Data shown Start Marker

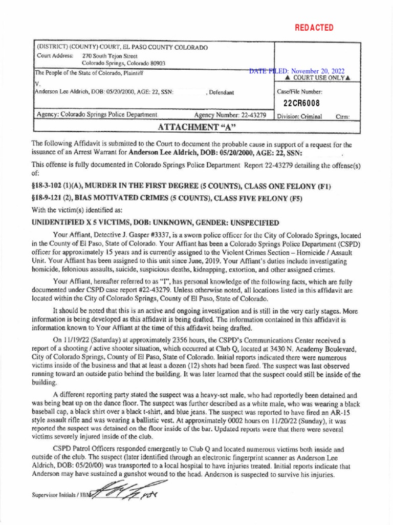 Club Q Shooter Anderson Lee Aldrich Affidavit: The Tragic Revelations
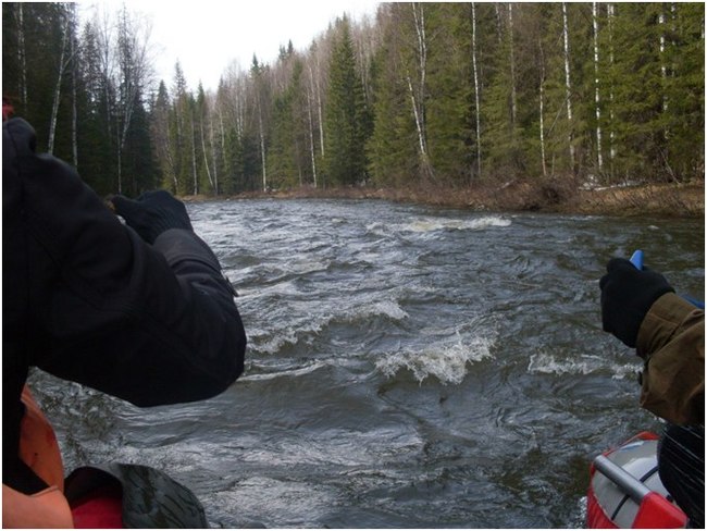 Едем. Катамаран 6-ка, нас семеро, на моем борту четверо гребцов друг за другом. Периодически от непривычной тесноты цепляемся друг за друга веслами при гребле. Я была на Вижае в первый свой сплав, но запомнила его как спокойную речку. В этот же раз почти сразу все началось с валов на реке и постоянного маневрирования между расческами и иногда между камнями. Николай Палыч констатировал, что это классическая двойка. Но в первые полчаса все интересное закончилось, дальше – почти спокойная и быстрая вода и Вижай становится шире. Уровни спали минимум на метр от максимальных этой весной.
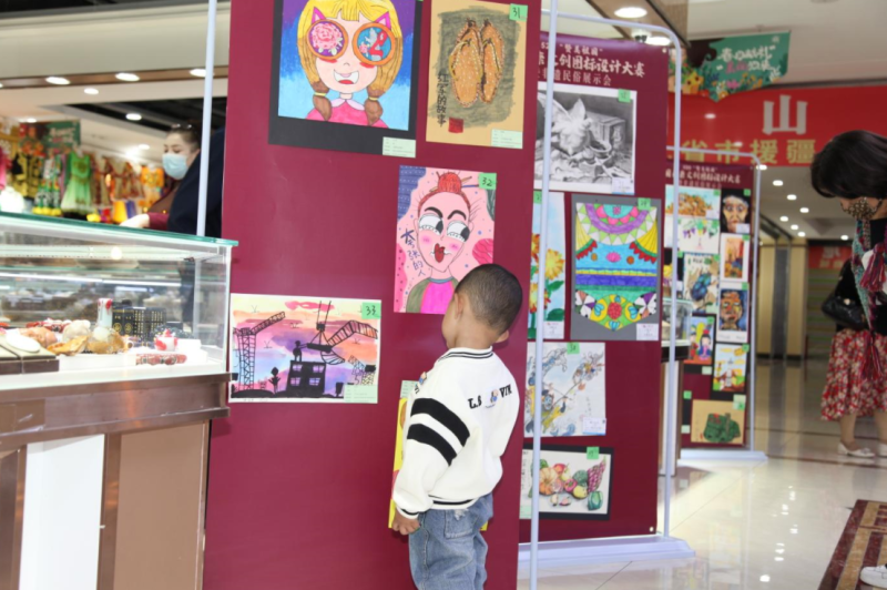 观看文创设计大赛作品的孩子。 崔秀红摄
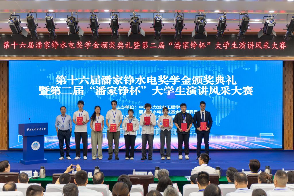 2025年5月29日,第十六届潘家铮水电奖学金颁奖典礼暨第二届“潘家铮杯”老员工演讲风采大赛在华北水利水电大学隆重召开。本届潘家铮水电奖学金颁奖典礼由潘家铮水电科技基金管理委员会主任委员宗敦峰主持,来自中国水力发电工程学会、潘家铮水电科技基金管理委员会等50多家单位的领导嘉宾以及获奖师生代表共200余人出席活动。公司获奖员工代表2022级硕士生窦路明、2022级本科生陈鹏宇、2022级本科生李忠毅由公司党委副书记兼纪委书记马丹带队参加此次典礼。
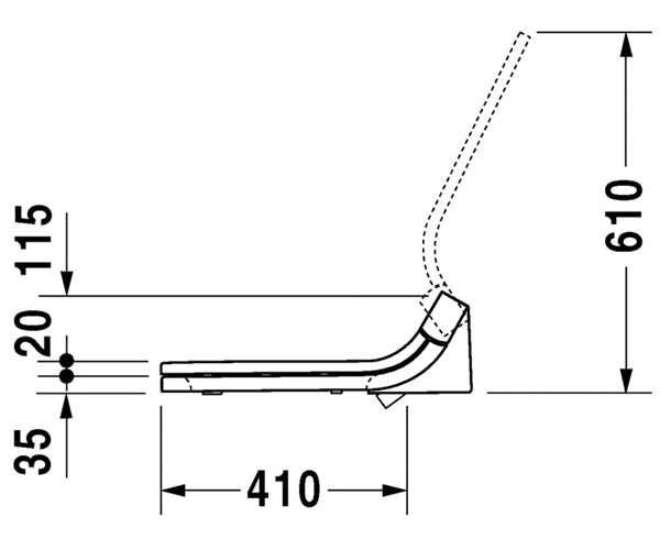 型号 610000 臀部冲洗、女士冲洗和舒适冲洗, 可个性化调节水温、暖风温度、座圈温度、喷头位置和喷水强度, 操控式盖板与座圈, 夜灯, 2 个可调节的个性化用户设置, 包括遥控器, 可自洁喷管, 开 / 关, 一键式轻松安装与拆卸 了解更多 Philippe Starck 设计 尺寸 370 x 515 mm 可变形式 AC 220V 50Hz 610000002011000
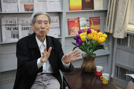 房(fang)昭文(wen)老(lao)(lao)同(tong)(tong)志(zhi)(zhi)出身山東肥城書(shu)香世家,家與國(guo)同(tong)(tong)命運(yun),房(fang)老(lao)(lao)孩童時代遭(zao)遇日本(ben)帝(di)國(guo)主(zhu)義侵華,祖宅被日本(ben)人侵占后借住親友家中(zhong)(zhong)(zhong),十(shi)五歲就進入抗日中(zhong)(zhong)(zhong)學,接受(shou)半軍事化教育,隨(sui)后正式加(jia)入八路軍,在冀魯豫邊區逐漸(jian)成長為(wei)一名成熟的(de)宣傳工作(zuo)(zuo)戰(zhan)(zhan)士,以文(wen)字的(de)力(li)量(liang)奮勇抗戰(zhan)(zhan)。房(fang)老(lao)(lao)今年(nian)(nian)已是八十(shi)六歲高(gao)齡(ling),但仍精(jing)神矍(jue)鑠,思維敏捷,講述過去條理(li)清晰,生動形象,引人共鳴(ming)。訪談中(zhong)(zhong)(zhong),房(fang)老(lao)(lao)對自(zi)(zi)己的(de)抗戰(zhan)(zhan)經歷(li)和(he)抗戰(zhan)(zhan)感受(shou)娓娓道來(lai),并寄語青年(nian)(nian)同(tong)(tong)志(zhi)(zhi):希望青年(nian)(nian)同(tong)(tong)志(zhi)(zhi)堅定理(li)想信念,這(zhe)是青年(nian)(nian)同(tong)(tong)志(zhi)(zhi)特別(bie)是青年(nian)(nian)黨員的(de)思想靈魂,也(ye)是無論身處(chu)任何(he)崗(gang)位,勵志(zhi)(zhi)奉獻(xian)的(de)動力(li)源(yuan)泉;希望青年(nian)(nian)同(tong)(tong)志(zhi)(zhi)能(neng)夠堅持學習(xi)(xi),加(jia)強學習(xi)(xi),從(cong)書(shu)籍中(zhong)(zhong)(zhong)學習(xi)(xi),從(cong)實(shi)踐(jian)中(zhong)(zhong)(zhong)學習(xi)(xi),認真(zhen)學習(xi)(xi)研(yan)究黨政理(li)論方(fang)針和(he)業務(wu)知識,不斷(duan)提(ti)高(gao)自(zi)(zi)身思想境(jing)界和(he)工作(zuo)(zuo)本(ben)領;希望青年(nian)(nian)同(tong)(tong)志(zhi)(zhi)腳踏實(shi)地,真(zhen)抓實(shi)干(gan),這(zhe)是做好(hao)各項工作(zuo)(zuo)的(de)基本(ben)要求(qiu)和(he)出發點,也(ye)是黨員干(gan)部貫徹(che)黨中(zhong)(zhong)(zhong)央整頓工作(zuo)(zuo)作(zuo)(zuo)風、提(ti)高(gao)自(zi)(zi)身工作(zuo)(zuo)能(neng)力(li)的(de)實(shi)踐(jian)基礎。訪談最后,房(fang)老(lao)(lao)還(huan)對冶金(jin)離(li)退休干(gan)部局在職干(gan)部的(de)工作(zuo)(zuo)與付出表(biao)達(da)了真(zhen)誠的(de)謝意(yi)。
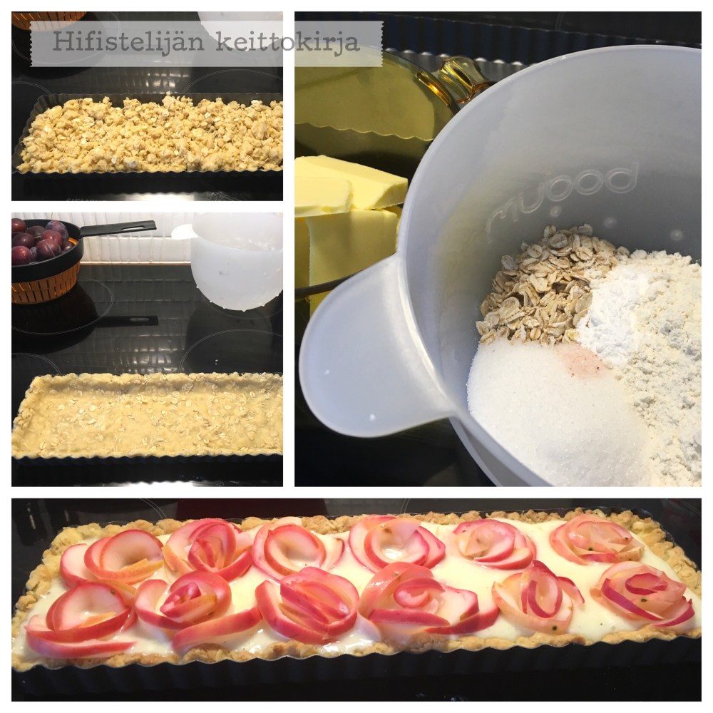 Valehtelematta maailman paras piirakkapohja! Syntyi hieman puolivahingossa, kun olin tehnyt ihanaa suolaista piirakkaa edellisenä päivänä ja päätin tehdä vastaavan pohjan makeana. En osaa sanoa ovatko isot kaurahiutaleet täysin välttämättömiä, mutta hyviä ne ainakin ovat ja niistä syntyy makoisampi kaurapuurokin
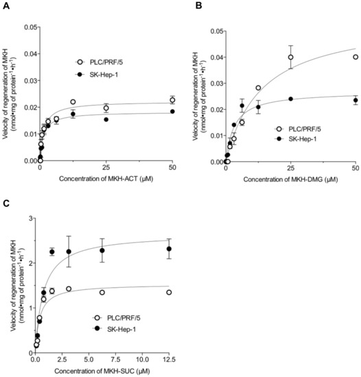 Kinetic plots for the regeneration of MKH-ester derivatives to MKH in S9 fractions of PLC/PRF/5 or SK-Hep-1 cells. (A) MKH acetate (MKH-ACT); (B) MKH dimethylglycinate (MKH-DMG); and (C) MKH succinate (MKH-SUC). Each point represents the mean ± SD from duplicate experiments.

Data shown End Marker

> _Your assignment_
Return the material above verbatim. Pictures are to be excluded.

> _Task solution_
 Club Q Shooter Anderson Lee Aldrich Affidavit: The Tragic Revelations
 Едем. Катамаран 6-ка, нас семеро, на моем борту четверо гребцов друг за другом. Периодически от непривычной тесноты цепляемся друг за друга веслами при гребле. Я была на Вижае в первый свой сплав, но запомнила его как спокойную речку. В этот же раз почти сразу все началось с валов на реке и постоянного маневрирования между расческами и иногда между камнями. Николай Палыч констатировал, что это классическая двойка. Но в первые полчаса все интересное закончилось, дальше – почти спокойная и быстрая вода и Вижай становится шире. Уровни спали минимум на метр от максимальных этой весной.
 观看文创设计大赛作品的孩子。 崔秀红摄
 2025年5月29日,第十六届潘家铮水电奖学金颁奖典礼暨第二届“潘家铮杯”老员工演讲风采大赛在华北水利水电大学隆重召开。本届潘家铮水电奖学金颁奖典礼由潘家铮水电科技基金管理委员会主任委员宗敦峰主持,来自中国水力发电工程学会、潘家铮水电科技基金管理委员会等50多家单位的领导嘉宾以及获奖师生代表共200余人出席活动。公司获奖员工代表2022级硕士生窦路明、2022级本科生陈鹏宇、2022级本科生李忠毅由公司党委副书记兼纪委书记马丹带队参加此次典礼。
 型号 610000 臀部冲洗、女士冲洗和舒适冲洗, 可个性化调节水温、暖风温度、座圈温度、喷头位置和喷水强度, 操控式盖板与座圈, 夜灯, 2 个可调节的个性化用户设置, 包括遥控器, 可自洁喷管, 开 / 关, 一键式轻松安装与拆卸 了解更多 Philippe Starck 设计 尺寸 370 x 515 mm 可变形式 AC 220V 50Hz 610000002011000
 房(fang)昭文(wen)老(lao)(lao)同(tong)(tong)志(zhi)(zhi)出身山東肥城書(shu)香世家,家與國(guo)同(tong)(tong)命運(yun),房(fang)老(lao)(lao)孩童時代遭(zao)遇日本(ben)帝(di)國(guo)主(zhu)義侵華,祖宅被日本(ben)人侵占后借住親友家中(zhong)(zhong)(zhong),十(shi)五歲就進入抗日中(zhong)(zhong)(zhong)學,接受(shou)半軍事化教育,隨(sui)后正式加(jia)入八路軍,在冀魯豫邊區逐漸(jian)成長為(wei)一名成熟的(de)宣傳工作(zuo)(zuo)戰(zhan)(zhan)士,以文(wen)字的(de)力(li)量(liang)奮勇抗戰(zhan)(zhan)。房(fang)老(lao)(lao)今年(nian)(nian)已是八十(shi)六歲高(gao)齡(ling),但仍精(jing)神矍(jue)鑠,思維敏捷,講述過去條理(li)清晰,生動形象,引人共鳴(ming)。訪談中(zhong)(zhong)(zhong),房(fang)老(lao)(lao)對自(zi)(zi)己的(de)抗戰(zhan)(zhan)經歷(li)和(he)抗戰(zhan)(zhan)感受(shou)娓娓道來(lai),并寄語青年(nian)(nian)同(tong)(tong)志(zhi)(zhi):希望青年(nian)(nian)同(tong)(tong)志(zhi)(zhi)堅定理(li)想信念,這(zhe)是青年(nian)(nian)同(tong)(tong)志(zhi)(zhi)特別(bie)是青年(nian)(nian)黨員的(de)思想靈魂,也(ye)是無論身處(chu)任何(he)崗(gang)位,勵志(zhi)(zhi)奉獻(xian)的(de)動力(li)源(yuan)泉;希望青年(nian)(nian)同(tong)(tong)志(zhi)(zhi)能(neng)夠堅持學習(xi)(xi),加(jia)強學習(xi)(xi),從(cong)書(shu)籍中(zhong)(zhong)(zhong)學習(xi)(xi),從(cong)實(shi)踐(jian)中(zhong)(zhong)(zhong)學習(xi)(xi),認真(zhen)學習(xi)(xi)研(yan)究黨政理(li)論方(fang)針和(he)業務(wu)知識,不斷(duan)提(ti)高(gao)自(zi)(zi)身思想境(jing)界和(he)工作(zuo)(zuo)本(ben)領;希望青年(nian)(nian)同(tong)(tong)志(zhi)(zhi)腳踏實(shi)地,真(zhen)抓實(shi)干(gan),這(zhe)是做好(hao)各項工作(zuo)(zuo)的(de)基本(ben)要求(qiu)和(he)出發點,也(ye)是黨員干(gan)部貫徹(che)黨中(zhong)(zhong)(zhong)央整頓工作(zuo)(zuo)作(zuo)(zuo)風、提(ti)高(gao)自(zi)(zi)身工作(zuo)(zuo)能(neng)力(li)的(de)實(shi)踐(jian)基礎。訪談最后,房(fang)老(lao)(lao)還(huan)對冶金(jin)離(li)退休干(gan)部局在職干(gan)部的(de)工作(zuo)(zuo)與付出表(biao)達(da)了真(zhen)誠的(de)謝意(yi)。
 Valehtelematta maailman paras piirakkapohja! Syntyi hieman puolivahingossa, kun olin tehnyt ihanaa suolaista piirakkaa edellisenä päivänä ja päätin tehdä vastaavan pohjan makeana. En osaa sanoa ovatko isot kaurahiutaleet täysin välttämättömiä, mutta hyviä ne ainakin ovat ja niistä syntyy makoisampi kaurapuurokin
 Kinetic plots for the regeneration of MKH-ester derivatives to MKH in S9 fractions of PLC/PRF/5 or SK-Hep-1 cells. (A) MKH acetate (MKH-ACT); (B) MKH dimethylglycinate (MKH-DMG); and (C) MKH succinate (MKH-SUC). Each point represents the mean ± SD from duplicate experiments.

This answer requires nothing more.